With up to 60% values missing, it is the betting odds columns that are causing the most anguish. New bookmaker sources get added, bookmakers go broke, or merge, and generally it all gets horribly messy. But, every cloud has a silver lining, and the Ag layer here is that all those bookmaker odds are highly correlated. “Estimating HS1 based on goals scored” is a level of making stuff up that gives even a politician pause, but if the odds of a home win from our other bookmakers range from 1.35 to 1.39, for a certain match, we are going to be fairly safe going with 1.37 for any missing bookmaker values.12

GLRM

Unhappy with both “Skip” and “MeanImputation” options, I first tried the GLRM algorithm to fill in the data. My first try was a very naive h2o.glrm(train, k = 9). It took so long I had to abort it, and found out that it was trying to work with 3830 columns! Each unique date, and each unique team name, had become a column. So I tried again, using just x, the list of column names we can validly use to learn a model from.

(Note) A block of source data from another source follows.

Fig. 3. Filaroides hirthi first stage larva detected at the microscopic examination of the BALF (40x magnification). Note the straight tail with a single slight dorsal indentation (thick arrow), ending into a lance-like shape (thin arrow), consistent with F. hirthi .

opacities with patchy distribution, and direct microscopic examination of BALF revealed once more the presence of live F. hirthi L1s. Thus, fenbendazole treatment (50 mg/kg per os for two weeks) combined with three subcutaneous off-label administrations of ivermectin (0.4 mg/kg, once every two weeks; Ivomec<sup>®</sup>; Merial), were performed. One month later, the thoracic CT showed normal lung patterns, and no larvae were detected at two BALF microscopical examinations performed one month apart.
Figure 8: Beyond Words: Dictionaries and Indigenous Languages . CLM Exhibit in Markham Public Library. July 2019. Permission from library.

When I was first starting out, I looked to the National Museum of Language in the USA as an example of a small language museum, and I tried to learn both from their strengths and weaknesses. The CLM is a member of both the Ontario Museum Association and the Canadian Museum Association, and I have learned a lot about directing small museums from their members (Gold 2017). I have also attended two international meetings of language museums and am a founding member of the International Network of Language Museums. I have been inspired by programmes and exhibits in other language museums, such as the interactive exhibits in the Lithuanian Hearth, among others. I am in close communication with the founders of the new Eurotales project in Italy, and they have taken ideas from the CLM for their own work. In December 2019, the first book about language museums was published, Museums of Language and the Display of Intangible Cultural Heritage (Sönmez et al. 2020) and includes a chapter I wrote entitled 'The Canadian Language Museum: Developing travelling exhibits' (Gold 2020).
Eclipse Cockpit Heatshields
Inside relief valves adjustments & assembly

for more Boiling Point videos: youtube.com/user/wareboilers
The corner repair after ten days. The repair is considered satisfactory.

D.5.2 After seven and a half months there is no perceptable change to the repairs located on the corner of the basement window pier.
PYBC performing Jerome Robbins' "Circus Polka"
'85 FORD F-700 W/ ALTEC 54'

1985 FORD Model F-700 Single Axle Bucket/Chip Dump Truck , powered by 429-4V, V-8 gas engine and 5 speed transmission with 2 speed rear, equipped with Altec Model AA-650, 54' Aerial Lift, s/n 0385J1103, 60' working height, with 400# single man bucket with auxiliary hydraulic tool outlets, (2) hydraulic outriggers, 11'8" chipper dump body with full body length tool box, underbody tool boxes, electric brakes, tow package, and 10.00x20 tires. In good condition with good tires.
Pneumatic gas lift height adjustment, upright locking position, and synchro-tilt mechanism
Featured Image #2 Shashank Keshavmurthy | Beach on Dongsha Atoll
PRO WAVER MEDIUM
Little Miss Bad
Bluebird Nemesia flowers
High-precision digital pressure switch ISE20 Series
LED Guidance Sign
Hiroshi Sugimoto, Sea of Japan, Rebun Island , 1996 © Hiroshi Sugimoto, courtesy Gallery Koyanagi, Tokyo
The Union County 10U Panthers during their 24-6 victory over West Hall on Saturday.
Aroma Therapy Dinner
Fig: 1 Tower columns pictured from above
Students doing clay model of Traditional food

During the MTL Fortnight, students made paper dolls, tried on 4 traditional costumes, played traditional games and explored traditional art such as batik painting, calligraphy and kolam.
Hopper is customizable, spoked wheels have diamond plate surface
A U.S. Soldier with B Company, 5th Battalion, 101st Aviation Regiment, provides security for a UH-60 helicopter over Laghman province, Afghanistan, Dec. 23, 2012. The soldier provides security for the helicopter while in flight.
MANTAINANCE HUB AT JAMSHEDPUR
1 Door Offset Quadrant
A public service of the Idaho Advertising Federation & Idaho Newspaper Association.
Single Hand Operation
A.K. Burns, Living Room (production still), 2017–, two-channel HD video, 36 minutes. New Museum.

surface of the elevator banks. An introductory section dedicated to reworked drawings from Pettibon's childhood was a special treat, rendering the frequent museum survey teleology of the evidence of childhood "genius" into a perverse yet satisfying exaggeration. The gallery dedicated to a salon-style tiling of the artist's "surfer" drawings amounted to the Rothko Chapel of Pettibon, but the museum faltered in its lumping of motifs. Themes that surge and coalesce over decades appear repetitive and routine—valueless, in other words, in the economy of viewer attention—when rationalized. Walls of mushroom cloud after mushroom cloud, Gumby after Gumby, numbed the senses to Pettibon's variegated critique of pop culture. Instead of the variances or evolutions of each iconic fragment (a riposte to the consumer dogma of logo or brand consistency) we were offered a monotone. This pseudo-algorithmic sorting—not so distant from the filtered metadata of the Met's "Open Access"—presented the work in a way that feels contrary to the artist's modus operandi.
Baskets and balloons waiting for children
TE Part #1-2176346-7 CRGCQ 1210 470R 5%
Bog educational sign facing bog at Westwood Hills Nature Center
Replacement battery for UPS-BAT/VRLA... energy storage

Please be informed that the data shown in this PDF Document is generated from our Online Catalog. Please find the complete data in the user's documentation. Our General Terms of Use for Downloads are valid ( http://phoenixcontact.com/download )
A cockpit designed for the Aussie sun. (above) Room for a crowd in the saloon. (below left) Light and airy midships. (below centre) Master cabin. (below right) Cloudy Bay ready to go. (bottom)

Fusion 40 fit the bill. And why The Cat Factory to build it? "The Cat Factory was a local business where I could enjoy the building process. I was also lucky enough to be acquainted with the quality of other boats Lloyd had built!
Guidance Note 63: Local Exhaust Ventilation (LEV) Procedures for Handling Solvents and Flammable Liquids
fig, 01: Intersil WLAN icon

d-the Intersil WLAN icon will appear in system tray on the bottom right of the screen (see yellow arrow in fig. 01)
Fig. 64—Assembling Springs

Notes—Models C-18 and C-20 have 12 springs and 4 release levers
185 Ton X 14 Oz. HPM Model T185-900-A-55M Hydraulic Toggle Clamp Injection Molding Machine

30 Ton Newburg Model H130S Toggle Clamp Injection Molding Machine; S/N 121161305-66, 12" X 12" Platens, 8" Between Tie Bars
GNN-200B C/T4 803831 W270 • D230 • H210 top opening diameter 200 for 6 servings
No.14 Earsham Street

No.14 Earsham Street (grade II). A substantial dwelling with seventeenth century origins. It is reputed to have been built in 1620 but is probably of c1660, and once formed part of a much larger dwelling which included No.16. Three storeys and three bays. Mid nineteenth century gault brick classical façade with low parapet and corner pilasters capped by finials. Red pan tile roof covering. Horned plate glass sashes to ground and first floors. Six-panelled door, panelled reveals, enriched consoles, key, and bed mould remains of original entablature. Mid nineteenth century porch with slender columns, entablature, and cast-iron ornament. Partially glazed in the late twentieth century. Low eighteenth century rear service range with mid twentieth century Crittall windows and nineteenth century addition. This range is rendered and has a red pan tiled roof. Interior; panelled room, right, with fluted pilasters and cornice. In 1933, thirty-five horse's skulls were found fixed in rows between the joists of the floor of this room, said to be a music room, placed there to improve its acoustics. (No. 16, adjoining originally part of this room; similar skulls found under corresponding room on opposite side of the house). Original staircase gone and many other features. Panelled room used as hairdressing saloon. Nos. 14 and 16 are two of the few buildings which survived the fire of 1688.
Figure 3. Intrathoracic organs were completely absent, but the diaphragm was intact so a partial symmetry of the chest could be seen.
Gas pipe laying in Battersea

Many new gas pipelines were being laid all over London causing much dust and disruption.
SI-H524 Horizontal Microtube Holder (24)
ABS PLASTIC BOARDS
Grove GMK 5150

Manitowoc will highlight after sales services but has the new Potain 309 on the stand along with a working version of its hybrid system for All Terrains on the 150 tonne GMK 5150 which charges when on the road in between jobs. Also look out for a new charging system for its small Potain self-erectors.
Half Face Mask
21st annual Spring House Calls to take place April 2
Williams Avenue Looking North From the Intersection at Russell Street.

Objective is the measure of error in GLRM, and the default 50 iterations gave an objective of 2.76 million, and completed in 12.4 seconds; by increasing to 200 iterations it reduced the objective 839K, and increased the run time to 45 seconds. Here is the code to make the model, and then to make a version of train with no missing values:

m <- h2o.glrm(train, cols = x,
  k = 9, max_iterations = 200
  )
train2 <- h2o.reconstruct(m, train)

train2 just contains the x columns, and the column names are all different, so it would take some data hacking to merge these in to replace just the missing values in train. But the real problem with train2 is the values are outside the range of values in the original data. For instance, betting odds always have to be above 1.0. But some of the restored betting odds values were not just below 1.0 but were even negative. Other fields had a range of –1.0 to +1.0, but were being given values outside that range.

I made a number of attempts to use GLRM’s various parameters, or to try just using the odds columns, or different values for k, or more iterations, but couldn’t get past this fundamental flaw.

Lose the R!

I got much better results when I switched from using GLRM to using GLM. The idea is, for any given column, make a linear model to predict it based on the value in all the other columns. There are 39 columns that have at least one missing value, so this requires making 39 linear models.

As a first step, I decided to drop all data prior to the 2000/2001 season. It only consisted of the final result, no match stats, no betting odds, so very little to impute off of. That was done with this code, which creates a new data frame on the H2O cluster, and also gives it a friendly name:

train2000 <- h2o.assign(train[14237:nrow(train),], "train2000")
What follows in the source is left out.